Your objective:
Taking the line that contains "Am Mittwoch hält" as the start and the last line of the data as the end, repeat exactly every line in that span, but no pictures.

Dataset excerpt:
^^^^^^^^
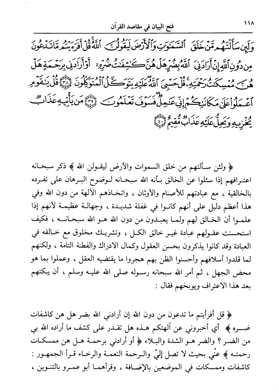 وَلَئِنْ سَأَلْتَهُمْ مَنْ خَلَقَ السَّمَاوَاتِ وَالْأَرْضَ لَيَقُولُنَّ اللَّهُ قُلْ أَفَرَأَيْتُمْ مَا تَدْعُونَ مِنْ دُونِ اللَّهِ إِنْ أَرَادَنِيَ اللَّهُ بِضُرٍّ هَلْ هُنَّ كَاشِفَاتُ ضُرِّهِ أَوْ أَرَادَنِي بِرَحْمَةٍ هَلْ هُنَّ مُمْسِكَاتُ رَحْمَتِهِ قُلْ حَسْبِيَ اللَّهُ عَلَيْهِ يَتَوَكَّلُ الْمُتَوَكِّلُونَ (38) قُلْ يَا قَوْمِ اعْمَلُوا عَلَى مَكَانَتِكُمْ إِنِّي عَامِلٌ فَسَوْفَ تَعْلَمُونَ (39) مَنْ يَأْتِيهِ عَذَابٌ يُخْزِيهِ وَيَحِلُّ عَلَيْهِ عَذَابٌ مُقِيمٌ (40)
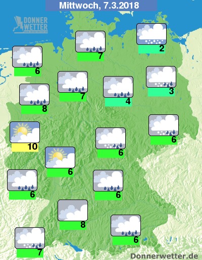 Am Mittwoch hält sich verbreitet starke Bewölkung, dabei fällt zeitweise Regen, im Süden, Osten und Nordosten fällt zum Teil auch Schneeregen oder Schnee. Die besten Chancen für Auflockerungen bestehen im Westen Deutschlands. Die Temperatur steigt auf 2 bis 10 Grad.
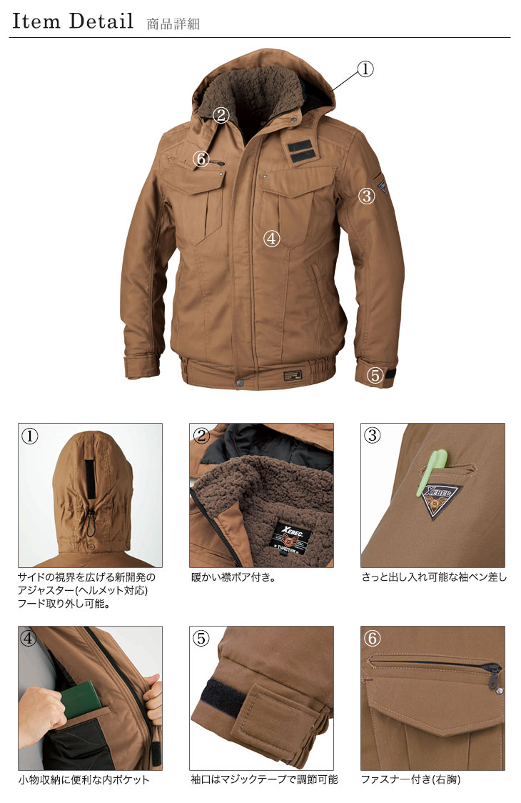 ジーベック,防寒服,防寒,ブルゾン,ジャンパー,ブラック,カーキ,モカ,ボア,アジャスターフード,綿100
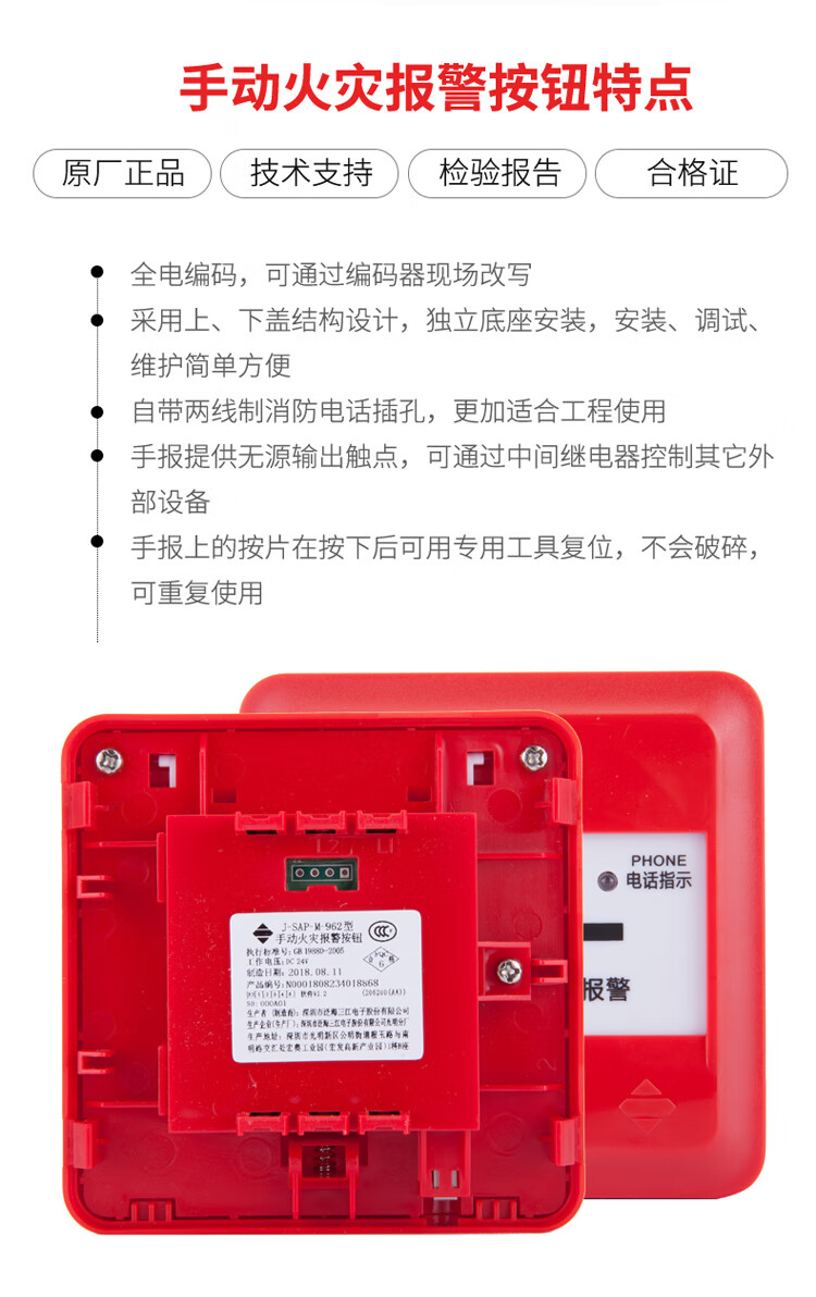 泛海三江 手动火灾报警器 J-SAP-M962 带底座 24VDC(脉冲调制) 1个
^^^^^^^^
Solution to the exercise:
 Am Mittwoch hält sich verbreitet starke Bewölkung, dabei fällt zeitweise Regen, im Süden, Osten und Nordosten fällt zum Teil auch Schneeregen oder Schnee. Die besten Chancen für Auflockerungen bestehen im Westen Deutschlands. Die Temperatur steigt auf 2 bis 10 Grad.
 ジーベック,防寒服,防寒,ブルゾン,ジャンパー,ブラック,カーキ,モカ,ボア,アジャスターフード,綿100
 泛海三江 手动火灾报警器 J-SAP-M962 带底座 24VDC(脉冲调制) 1个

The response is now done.